WHAT YOU NEED TO DO ▸
Because only the text is wanted, repeat the records below exactly and omit the pictures.

(Items from a data source)

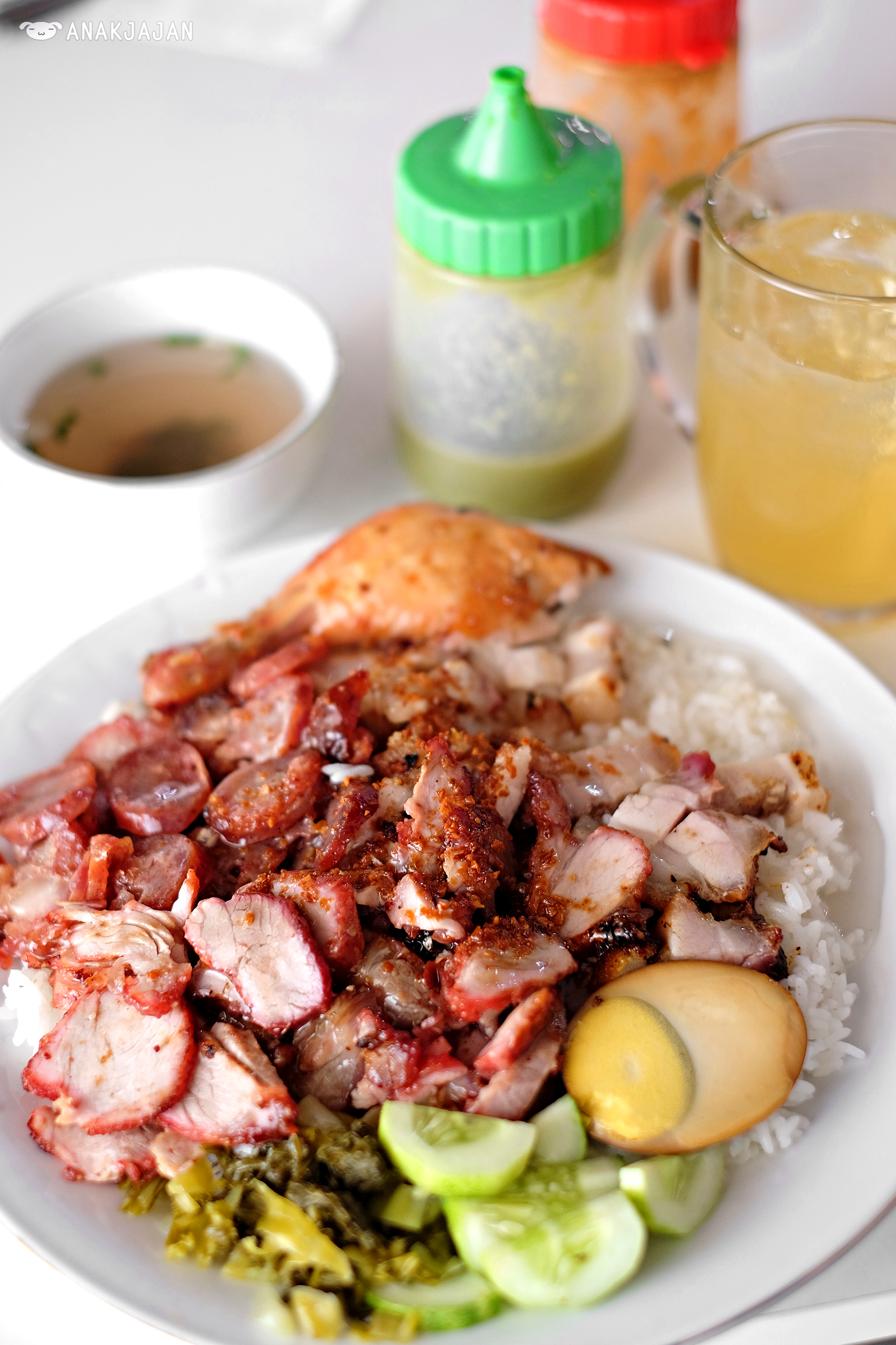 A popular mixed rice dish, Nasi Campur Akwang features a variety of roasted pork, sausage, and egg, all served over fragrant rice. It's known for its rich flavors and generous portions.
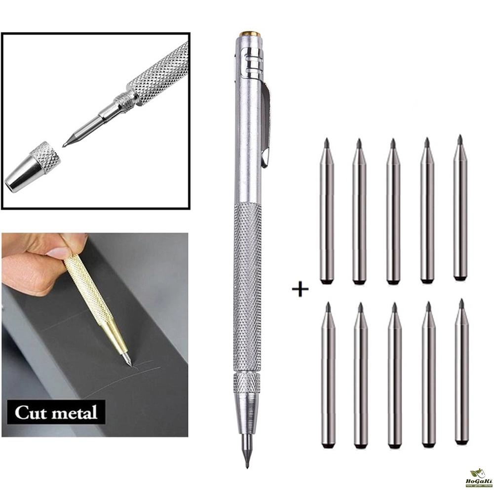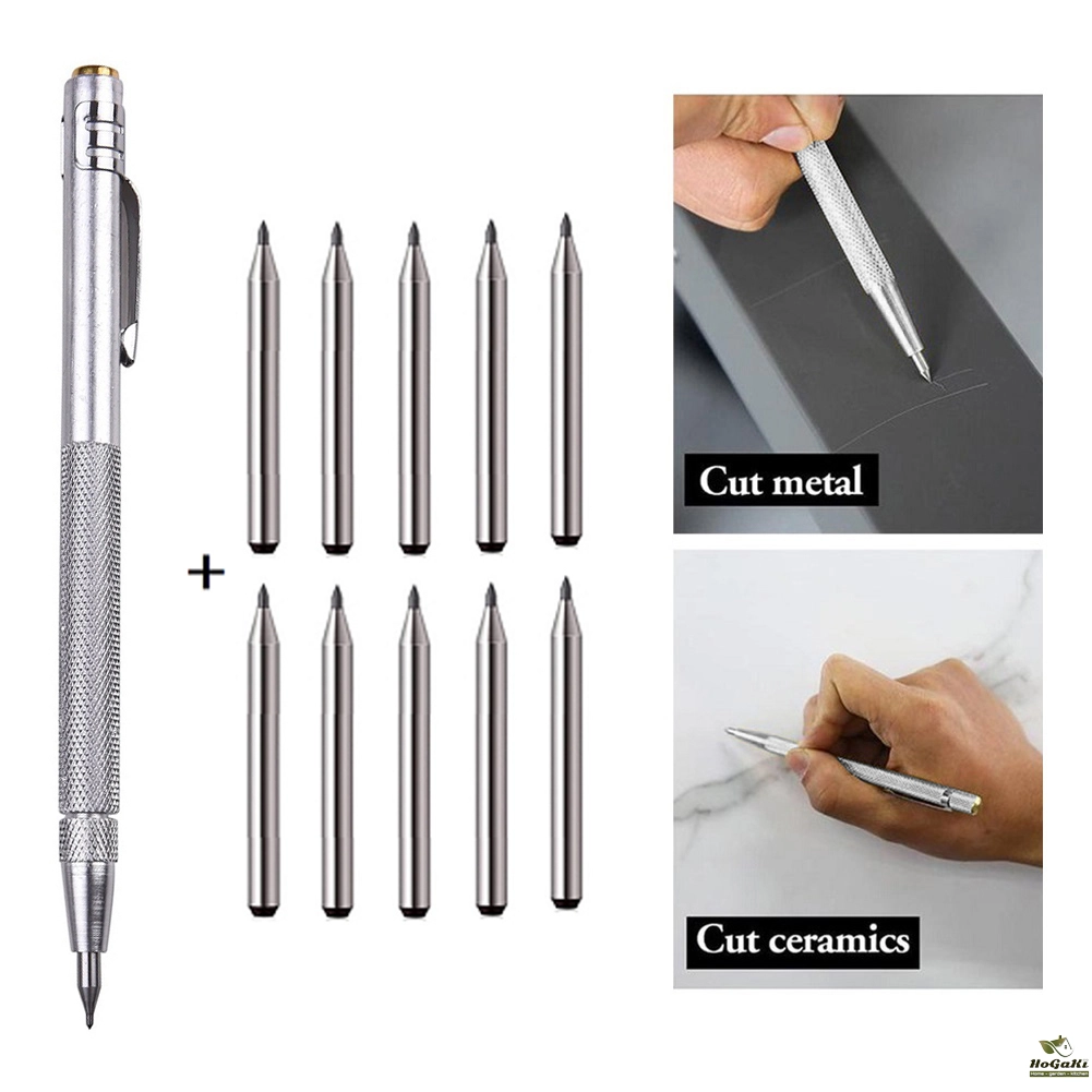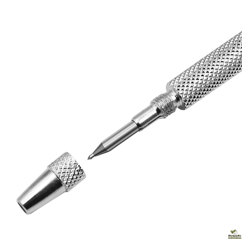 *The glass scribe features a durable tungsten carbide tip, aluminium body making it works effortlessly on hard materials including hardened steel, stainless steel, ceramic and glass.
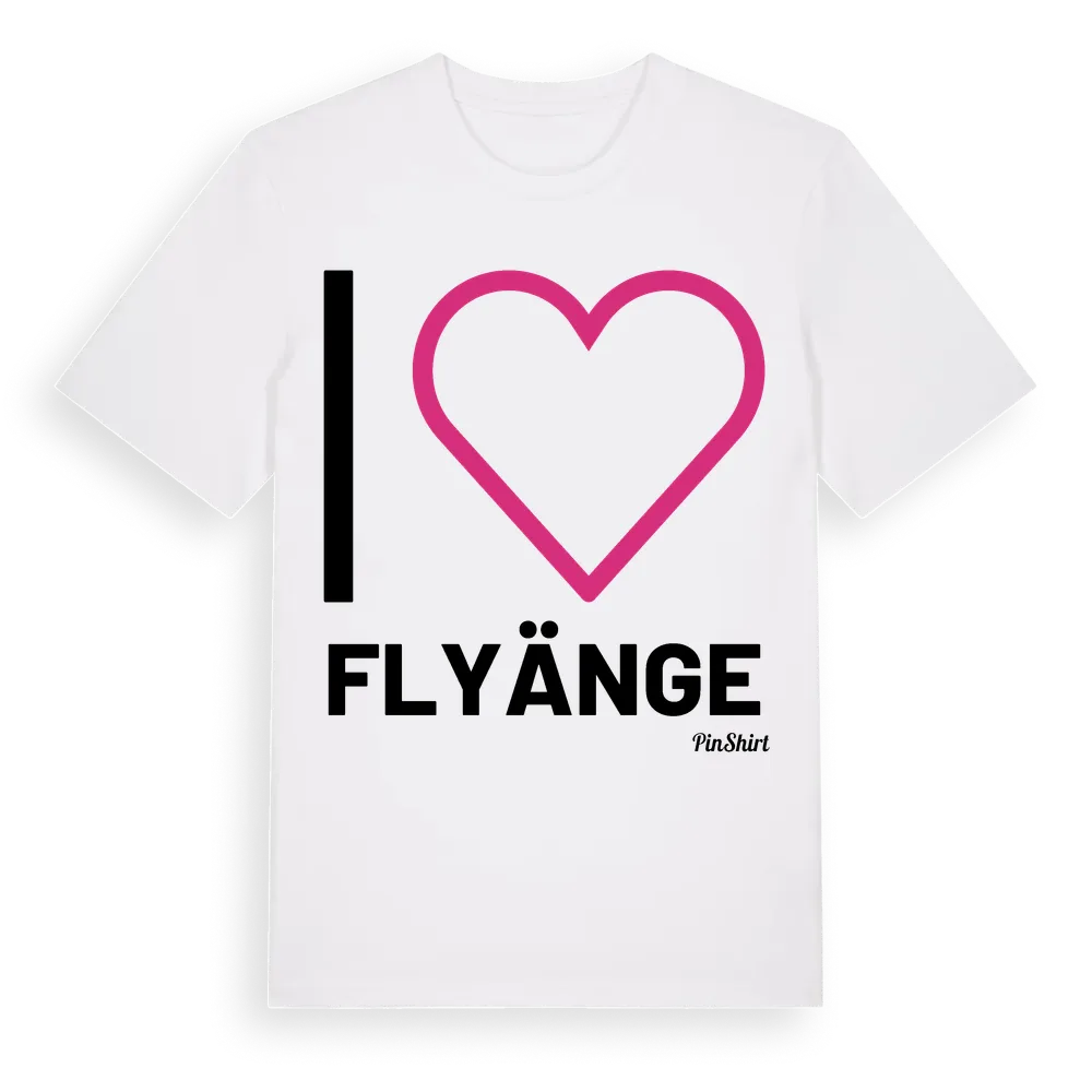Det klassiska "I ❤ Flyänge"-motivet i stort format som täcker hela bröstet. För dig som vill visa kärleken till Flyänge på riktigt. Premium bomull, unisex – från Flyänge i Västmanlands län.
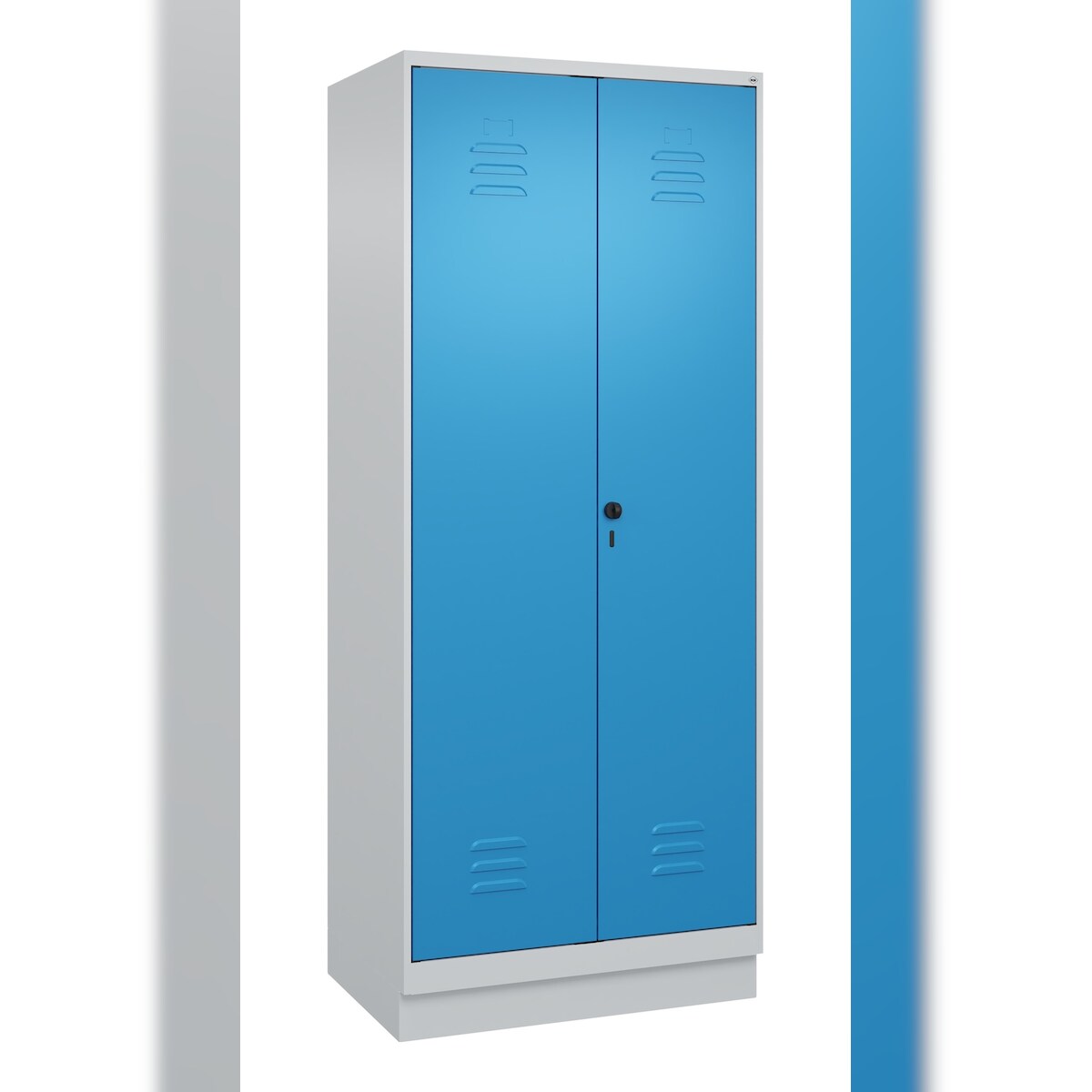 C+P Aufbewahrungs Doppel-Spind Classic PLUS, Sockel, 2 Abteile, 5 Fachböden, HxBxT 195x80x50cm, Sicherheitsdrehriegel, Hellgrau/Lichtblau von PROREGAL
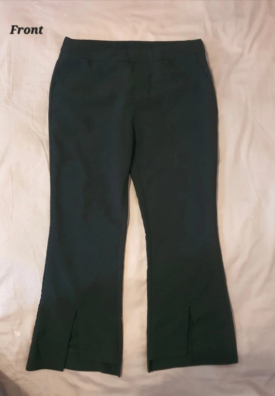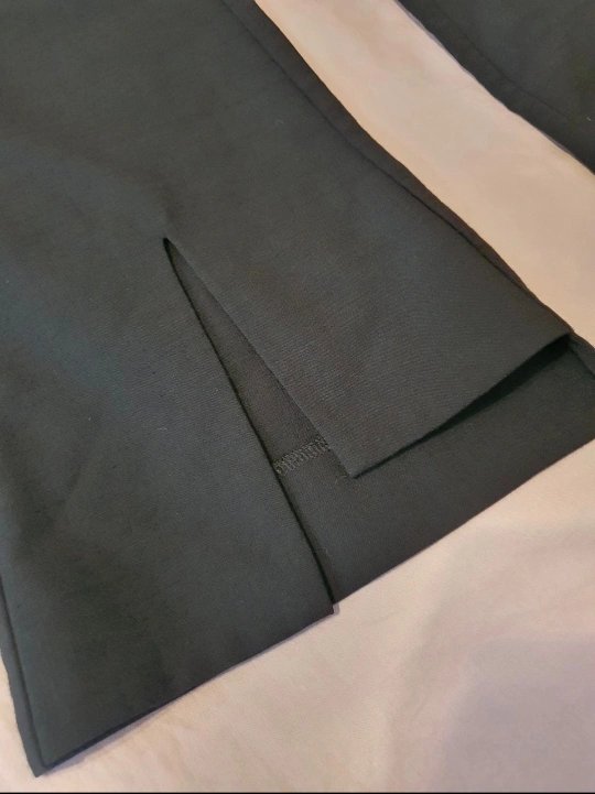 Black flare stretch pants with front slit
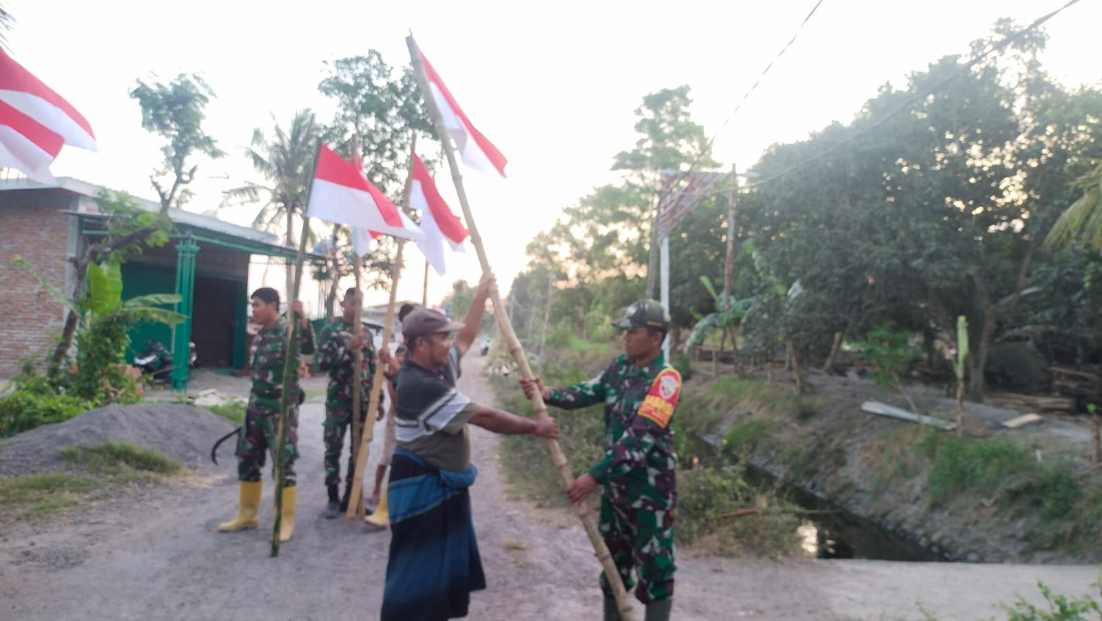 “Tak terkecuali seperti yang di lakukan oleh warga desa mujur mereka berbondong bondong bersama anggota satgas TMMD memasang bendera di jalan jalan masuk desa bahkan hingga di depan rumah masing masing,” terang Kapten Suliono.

WRITTEN RESPONSE ▸
 A popular mixed rice dish, Nasi Campur Akwang features a variety of roasted pork, sausage, and egg, all served over fragrant rice. It's known for its rich flavors and generous portions.
 *The glass scribe features a durable tungsten carbide tip, aluminium body making it works effortlessly on hard materials including hardened steel, stainless steel, ceramic and glass.
Det klassiska "I ❤ Flyänge"-motivet i stort format som täcker hela bröstet. För dig som vill visa kärleken till Flyänge på riktigt. Premium bomull, unisex – från Flyänge i Västmanlands län.
 C+P Aufbewahrungs Doppel-Spind Classic PLUS, Sockel, 2 Abteile, 5 Fachböden, HxBxT 195x80x50cm, Sicherheitsdrehriegel, Hellgrau/Lichtblau von PROREGAL
 Black flare stretch pants with front slit
 “Tak terkecuali seperti yang di lakukan oleh warga desa mujur mereka berbondong bondong bersama anggota satgas TMMD memasang bendera di jalan jalan masuk desa bahkan hingga di depan rumah masing masing,” terang Kapten Suliono.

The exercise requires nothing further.